В вагоне засмеялись.
— А как, «дедок», случись другая война, — вытянешь?
— Чего ж не вытянуть? Вытянем. Душой вот только чуть отойду. Тоска замучила, пропади она пропадом. Жена третий год не пишет, хоть слезами разлейся. Молчит, как воды в рот набрала.
— Молодая жена-то? Загуляла с кем, может?
— Насчет того, чтоб загуляла, — не думаю, хоть и красива. Разве что в годах.
Пассажиры, поднявшись со скамеек, окружили старшину. Он раскрыл чемодан. На зеленом сукне френча лежала фотография, и, словно живые, глядели с нее прищуренные, смеющиеся глаза женщины в сереньком платочке.
— Хороша, — помолчав, вздохнули пассажиры.
— Три телеграммы из Вены дал: выезжаю, мол, выезжаю.
— Далече ехать?
— А рукой подать — Березянки. Шесть часов езды-то, ежели на Узловой не задержат.

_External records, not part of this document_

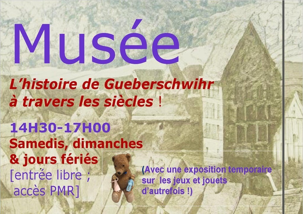 Les samedis, dimanches et jours fériés de décembre, de 14H30 à 17H00. Entrée libre, accès PMR. Visites guidées possibles, y compris en alsacien.
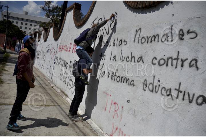 MORELIA, MICHOACÁN, 15OCTUBRE2013.- Más de 2 mil alumnos de las diferentes escuelas normales del estado marcharon en la capital del estado por las principales avenidas. Los estudiantes se trasladaron en más de 37 autobuses que fueron retenidos en días pasados por la normal de Tiripetío y Cherán. FOTO: ALÁN ORTEGA /CUARTOSCURO.COM
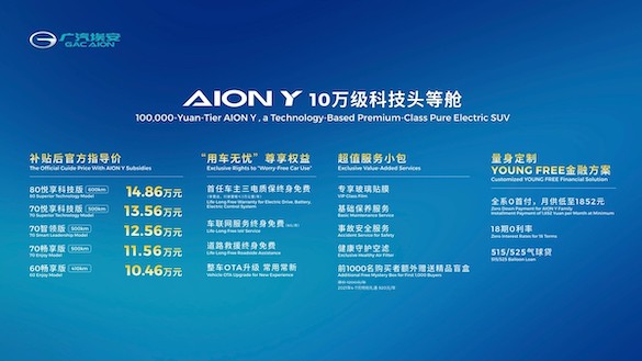 “10万级科技头等舱”AION Y上海车展上市 补贴后售价10.46万元起
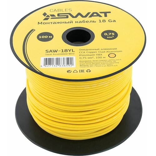 SWAT монтажный кабель 18Ga/0,75мм2 желтый, ССА, 100м, компактная катушка SAW-18YL
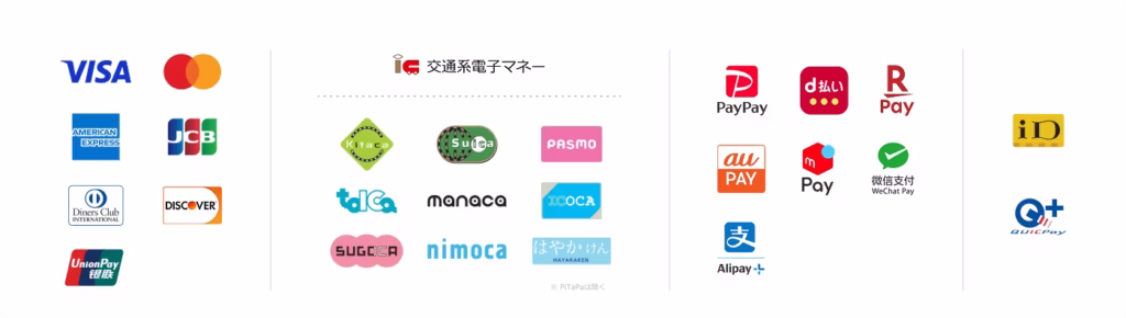 - QRコード決済(スマホ支払い):PayPay、d払い、楽天ペイ、au PAY、メルペイ、WeChat Pay、Alipay+
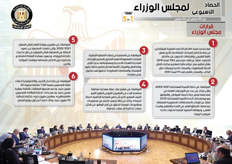 الإنفوجراف.. الحصاد الأسبوعي لمجلس الوزراء خلال الفترة من20 مارس إلى 26 مارس 2021
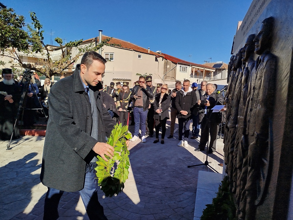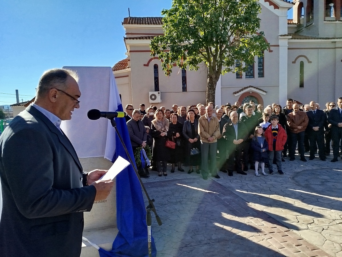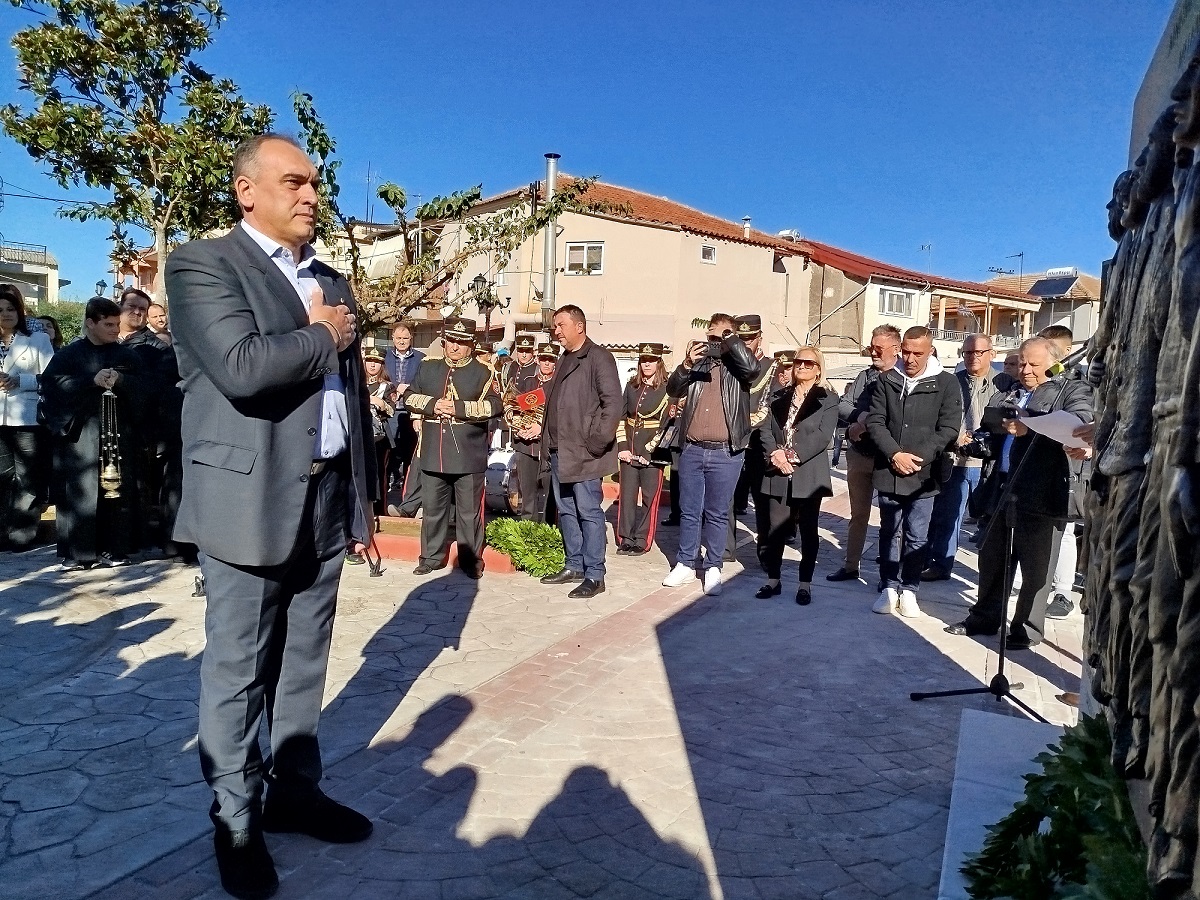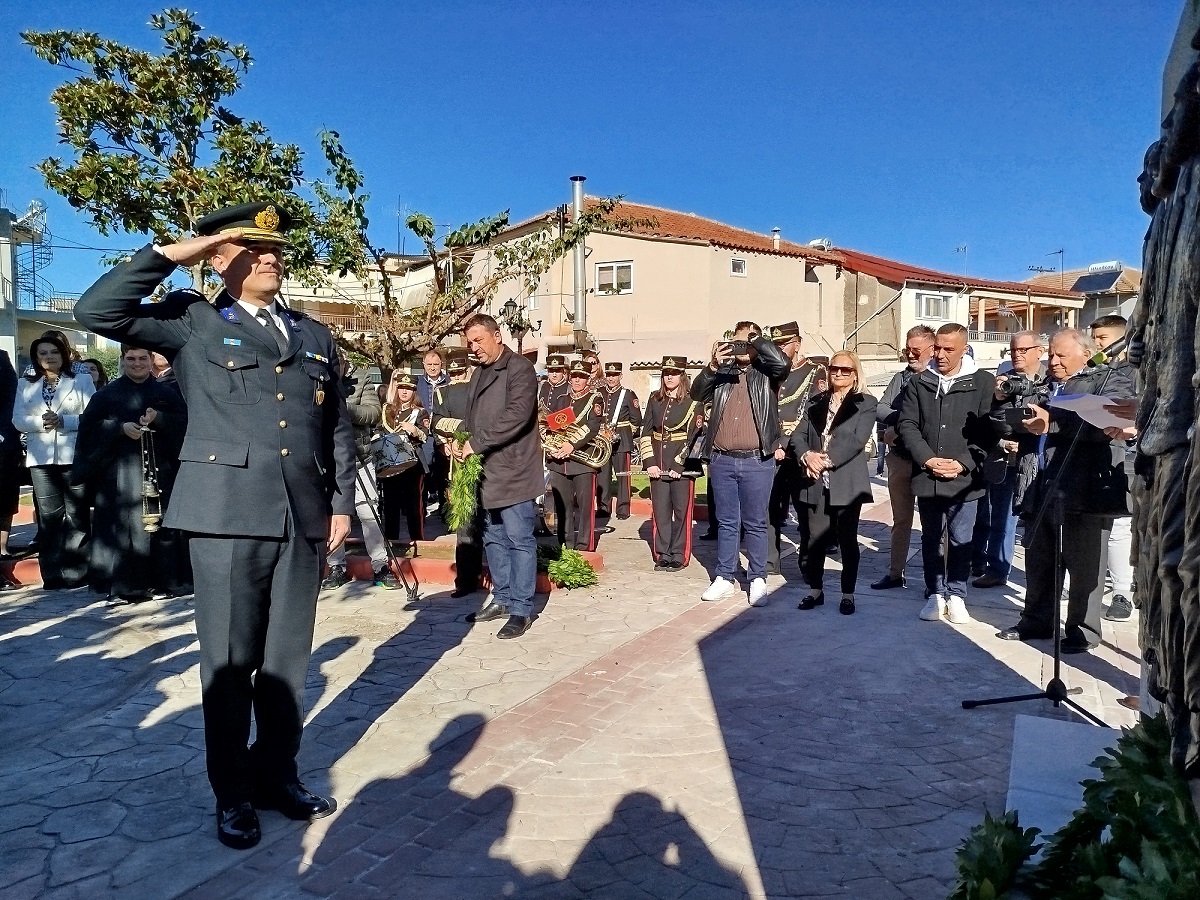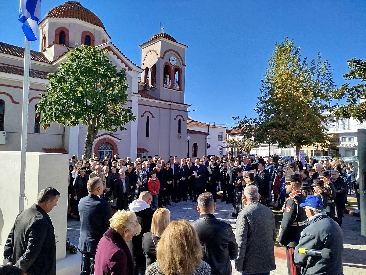 Η επίσημη Τελετή Αποκαλυπτηρίων του Μνημείου και Επιμνημόσυνη δέηση προς τιμήν των συνολικά 12 εκτελεσθέντων Ελλήνων πατριωτών, μεταξύ αυτών και 5 Καλυβιωτών, στη Μεγάλη Χώρα, τη Μεγάλη Τρίτη του 1944 από τους Γερμανούς κατακτητές, πραγματοποιήθηκε σήμερα Κυριακή 24 Νοεμβρίου 2024 στην πλατεία Καλυβίων Αγρινίου, παρουσία των επισήμων αρχών, σωμάτων ασφαλείας, συγγενών των θυμάτων και πλήθους κόσμου.

— Соснешь, может, а, старшина? Ложись, вот полочка, — спрыгнув на пол, сказал офицер.
— Не мешало бы. Ноги — что колокола, гудят, устал… Эй, проводничок, толкни в Березниках!
Проводник разбудил Трофима Матвеевича на рассвете.
— Подъезжаем, старшина. Вставай!
— Чую, браток. Спасибо! — отозвался Трофим Матвеич.
В тамбуре он достал щетку, навел блеск на сапоги и выкурил сигаретку.
Поезд остановился. Из вагона, в котором ехал Трофим Матвеевич, высунулись любопытные, чтоб посмотреть, как будут встречать старшину.
На платформе было пусто. У палатки под скамейкой, нахохлившись, сидели воробьи. Моросило. Трава по откосу была мокрой, в ней дымился выкатившийся из паровозной топки огарок.
Пахну́ло грустью, когда увидел Трофим Матвеевич во рву, за платформой, сухие, поломанные кусты полыни. «Все так же, будто и не тронулось время», — подумал он.
Трофим Матвеевич вздохнул, бросил воробьям горсть крошек из кармана и, убедившись, наконец, что никто не вышел встречать его, запахнулся в плащ-палатку и направился к станции. Надумал он пройти в буфет, достать кипяточку, заварить чаю и обождать, пока развиднеет совсем, но на пороге станции кто-то осторожно тронул его за плечо. Он обернулся. Перед ним стоял парень в тулупчике с рыжими отворотами и без шапки. Парень пощелкивал плеткой по голенищу сапога и, улыбаясь, с задором щурил косивший глаз.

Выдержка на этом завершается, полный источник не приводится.